Massive thing visible on Google Earth is for watching videos and stuff, promises Beijing.
...made me laugh this morning. A
bit uncomfortably...
Sometimes you know where you want to go and how to get there, but the city obviously wants to show you something off your route. This happened to me twice yesterday in Amsterdam - the first time it lead me to a chain of Australian-style, infographic-happy
coffee shops. The
second time...
I haven't walked through Amsterdam's red light district in some years. This time I marveled at (a) how small it is, actually (there can't be more than a couple of hundred women working there, just a couple of streets of windows) and (b) how deeply, deeply unsexy it all is - the women, the pimps, the sex shops, the crowds of tourists, the smell on the street. One effect I hadn't noticed before - it seems to kill sexy advertising stone dead. In Paris or, especially, New York, billboards are all flowing hair and peek-a-boo photography and a hint of thigh. I didn't see any of that in Amsterdam. I'm not sure why (it's possible that political movements are
afoot which pass right over the head of a casual visitor like me). But also unlike Paris there are no sexy sexy lingerie shops with just a hint of decadence in the window displays. There are bondage and fetishwear shops, with carelessly thrown together window displays and a smattering of phallic windmill souvenirs or stoner-slogan t-shirts on the side. I guess it's not easy to sell frisson next to that.
I have stuff to say about the newly reopened
maritime museum, but I should save it for when I'm not hitting them up for research funding. I can't speak to what it was before its recent 6-year renovation, but what it is now is trying so hard not to be boring that I think it's left the museum bit behind.
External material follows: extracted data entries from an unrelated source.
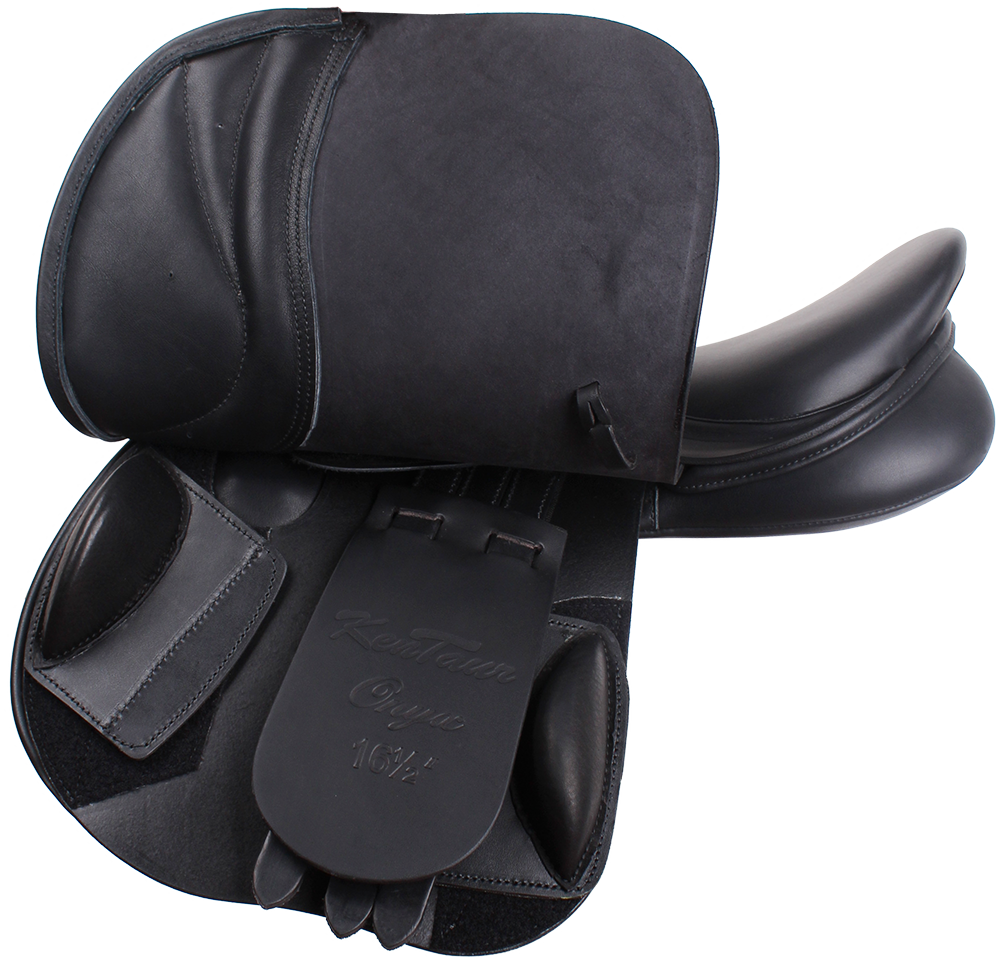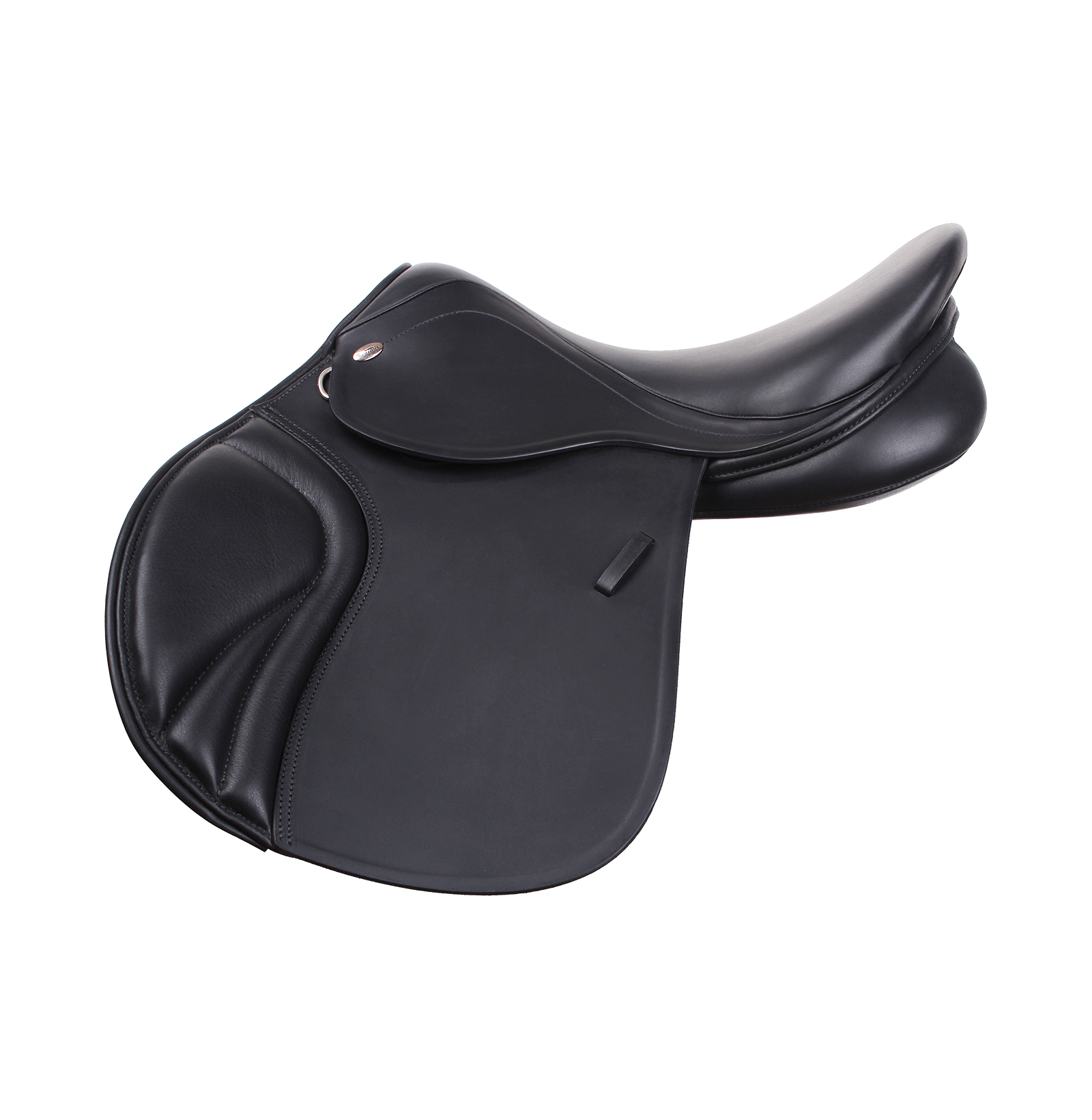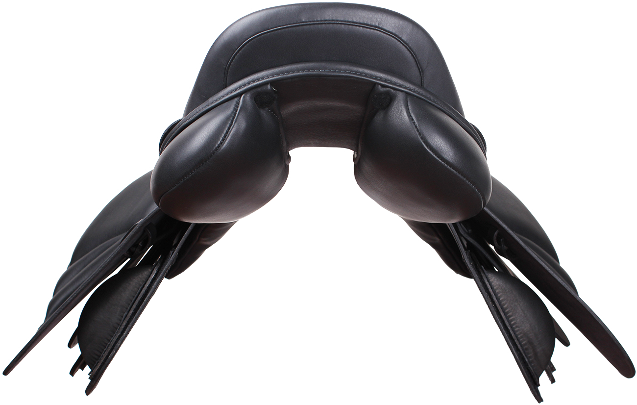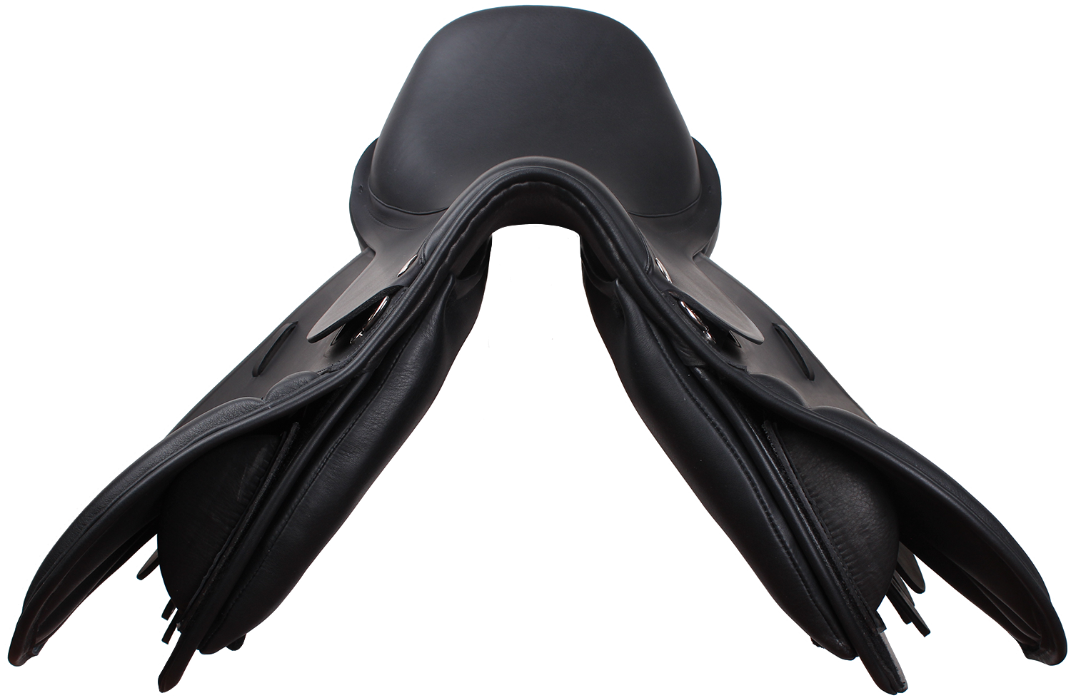 Springsadel med flexibel bom og medium dybt sæde. Sadlen har velcro på knæ- og lægstøtterne. Velcroen giver rytteren optimal mulighed for individuel tilpasning.
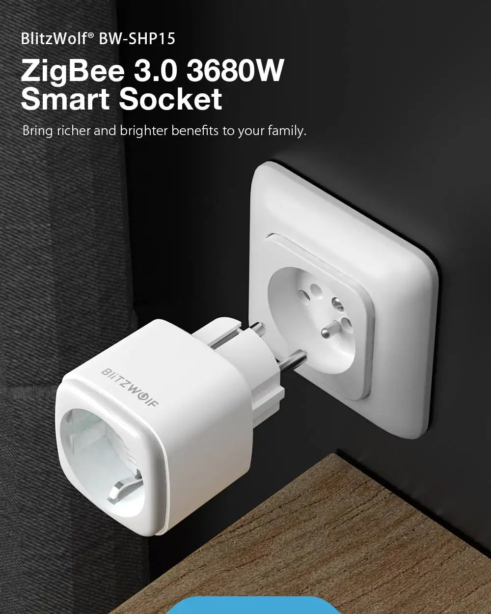 Comprar BlitzWolf-enchufe inteligente BW-SHP15 ZigBee 3,0, toma de corriente de 16A, enchufe europeo, Monitor remoto por aplicación, funciona con Alexa y Google Home
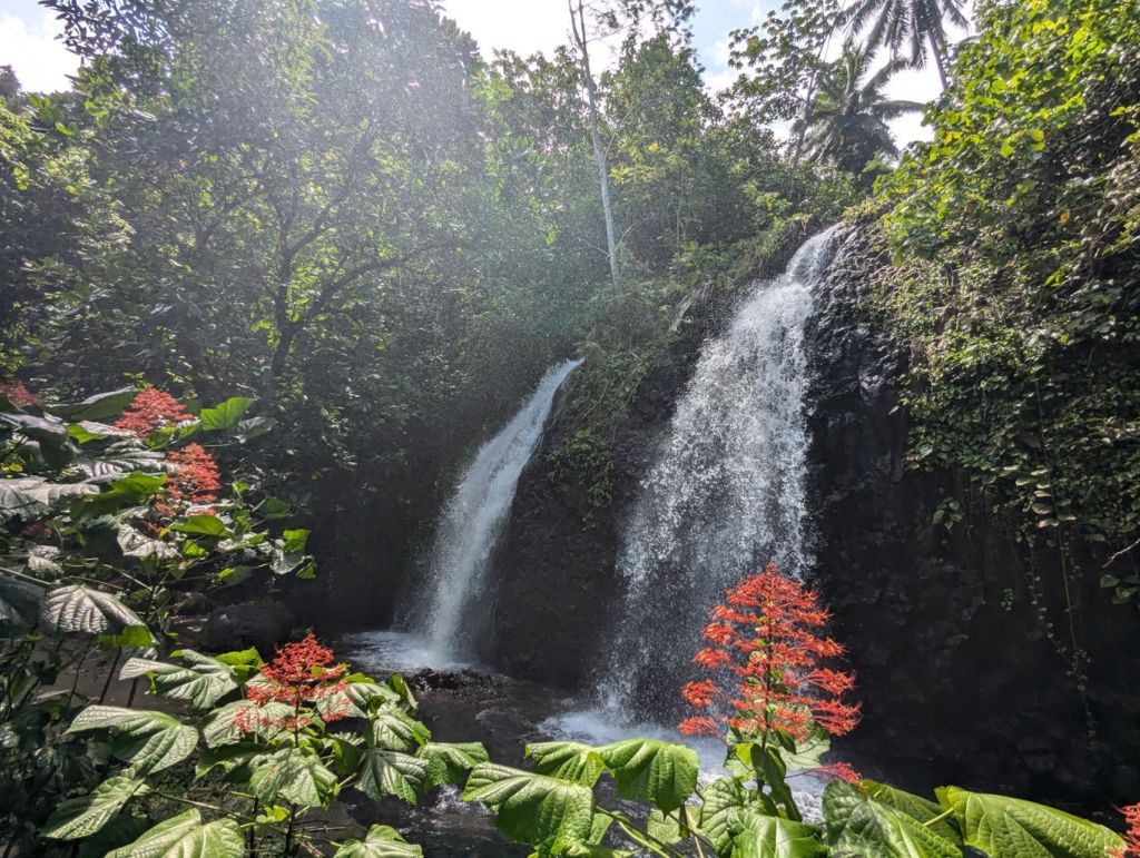 Einen Stopp legten wir am Vaihi Wasserfall ein, sehr schön im dichten tropischen Grün gelegen. Danach kamen unsere Schwimmsachen noch zum Einsatz. Pointe Venus ist ein schwarzer Sandstrand mit feinem Sand, Duschen und tollen Ausblick auf die Berge. Nach dem Baden kehrten wir nach Papeete zurück.
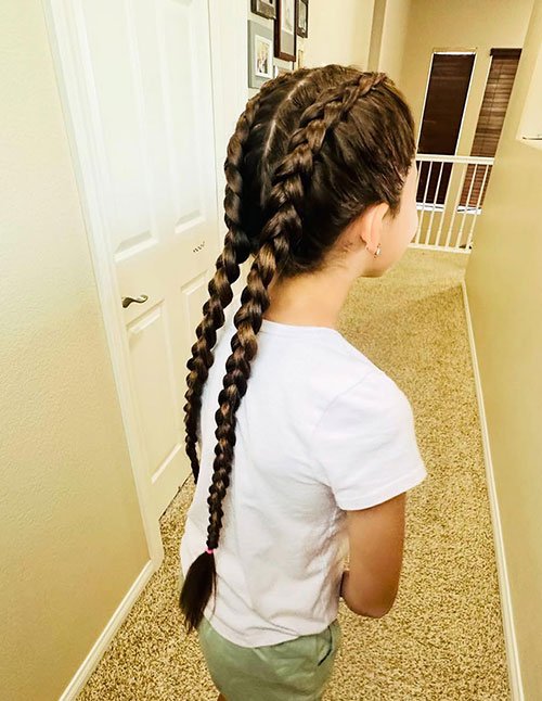 Double braids are the ultimate “cute but practical” school hairstyle. They keep your hair controlled all day, even in windy fall weather or busy class schedules. This look suits most face shapes, and it’s especially flattering if you like a sporty, youthful vibe. Styling level is medium if you’re new to braiding, but it gets easy fast with practice.
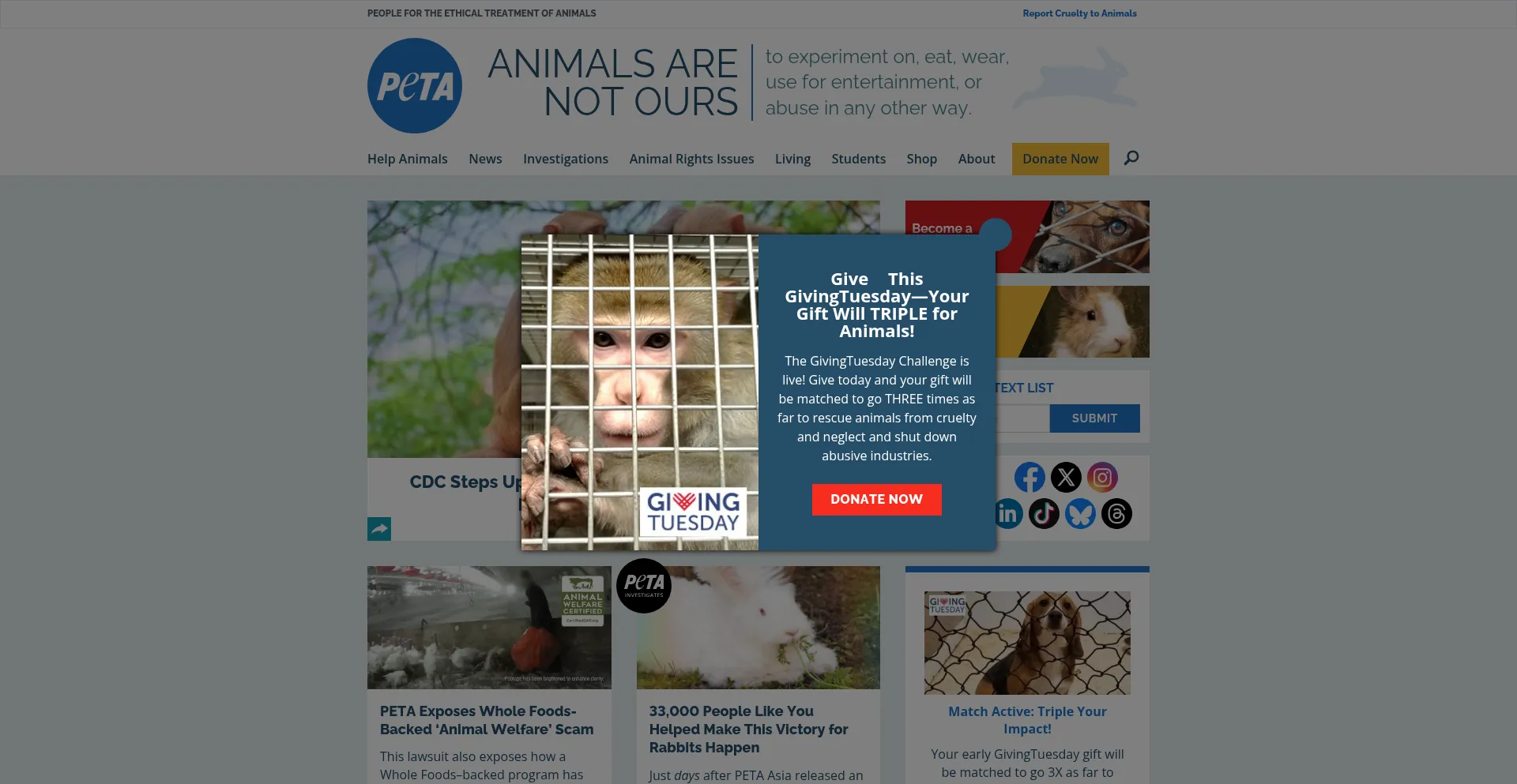 网站上存在社交媒体链接表明 peta.org 在社交媒体上维护官方账户,这是可信度和参与度的积极信号。
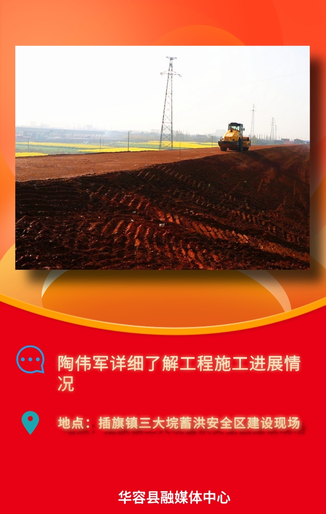 ↑↑↑在插旗镇三大垸蓄洪安全区建设现场。陶伟军指出,蓄洪区安全建设对于改善蓄洪区人居环境意义重大,要把工程建设同乡村振兴工作有机结合,全面改善沟渠、道路、水系等环境面貌,推进蓄洪安全区集中规范建房,深化农村人居环境整治,提高群众的幸福感、获得感。

I came out of there thinking damn, the American Museum of Natural History does a good job, integrating interactive stuff and video with the collection and respecting all of it equally - bits of the scheepvaartmuseum had me wondering what the
point was. That said, the video exhibit showing the journey of a shipping container was awesome - both rollercoastery and educational, and I foolishly didn't leave myself enough time to see
Voyage at Sea, but it looks like it would appeal to me and the kids equally. The paintings demand a day of their own. And more generous gallery space.
The
virtual Etruscan Tomb experience reassured me that, nearly 10 years later, I'm still effectively cutting-edge, as far as museum exhibits go.
Here,
have an icon.
And,
Amsterdam in 1727. Really, the centre's hardly changed. Suburbs have sprawled, natch, but most European cities were pretty much overwritten in the 19th & 20th centuries. What's gone here is the inner harbour and the VOC buildings (bottom left).
Where I didn't expect to end up today: Marianne and the
Lords of the East (pulpsploitation edition)
Finally, an idle thought: is anyone using
these sorts of questionnaires for dodgy social sciences work, or is it all just being used for marketing? (the dodgiest of all the social sciences, and directly applied, without the need for ethics boards...) The stats questions definitely measure self-esteem, then there's a bunch of social education questions (some of which betray the social education of the questioner)... makes me wonder if the data are being collected anywhere.
I think it would've decided I was a halfling, but then it asked me about my height. I'll let you know if I suddenly start receiving lots of Prozac spam.